By Stephen DravisiBerkshires Staff
WILLIAMSTOWN, Mass. — Neighbors concerned about a proposed subdivision off Summer Street last week raised the specter of a lawsuit against the town and/or Northern Berkshire Habitat for Humanity.
 
"If I'm not mistaken, I think this is kind of a new thing for Williamstown, an affordable housing subdivision of this size that's plunked down in the middle, or the midst of houses in a mature neighborhood," Summer Street resident Christopher Bolton told the Affordable Housing Trust board, reading from a prepared statement, last Wednesday. "I think all of us, the Trust, Habitat, the community, have a vested interest in giving this project the best chance of success that it can have. We all remember subdivisions that have been blocked by neighbors who have become frustrated with the developers and resorted to adversarial legal processes.
 
"But most of us in the neighborhood would welcome this at the right scale if the Trust and Northern Berkshire Habitat would communicate with us and compromise with us and try to address some of our concerns."
 
Bolton and other residents of the neighborhood were invited to speak to the board of the trust, which in 2015 purchased the Summer Street lot along with a parcel at the corner of Cole Avenue and Maple Street with the intent of developing new affordable housing on the vacant lots.
 
Currently, Northern Berkshire Habitat for Humanity, which built two homes at the Cole/Maple property, is developing plans to build up to five single-family homes on the 1.75-acre Summer Street lot.

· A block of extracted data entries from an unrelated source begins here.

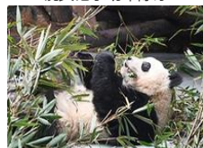
成都回应“虐待大熊猫”
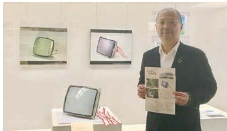
産業の活性化のため、企業誘致を推進
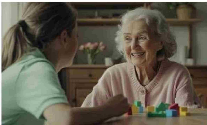
Resultados sugieren que ejercicio y sueño de calidad benefician la salud cerebral diaria.
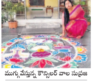
ముగ్గు వేస్తున్న కొన్ని వాల సుప్రజ

హుస్సాబాద్ లో, జనవరి 13: భోగి పండుగ వేళ వాకిల్లు రంగురంగుల ముగ్గులతో నిండిపోయాయి. హుస్సాబాద్లో సోమవారం తెల్లవారుజాము నుంచే మహిళలు తమ వాకిళ్లలో భోగి పండుగ విశిష్టతను తెలిపేవిధంగా ముగ్గులు వేశారు. ముగ్గుల్లో రంగులు నింపడంతో వాకిళ్లు అకట్టుకున్నాయి.
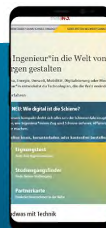
App think ING. (ab 2. HJ 2023)
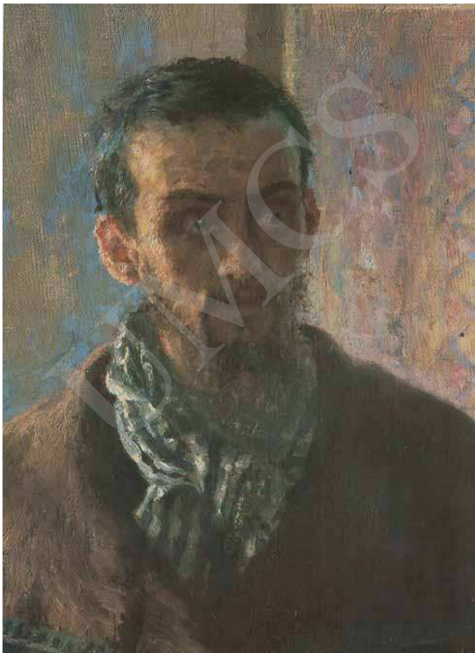
Ilustracja 2. Ilja Riepin, Nie żdali , fragment.

Earlier this month, many of the same would-be neighbors raised objections to the scale of the proposed subdivision and its impact on the neighborhood in front of the Planning Board.
 
The Affordable Housing Trust board heard many of the same arguments at its meeting. It also heard from some voices not heard at the Planning Board session.
 
And the trustees agreed that the developer needs to engage in a three-way conversation with the abutters and the trust, which still owns the land, to develop a plan that is more acceptable to all parties.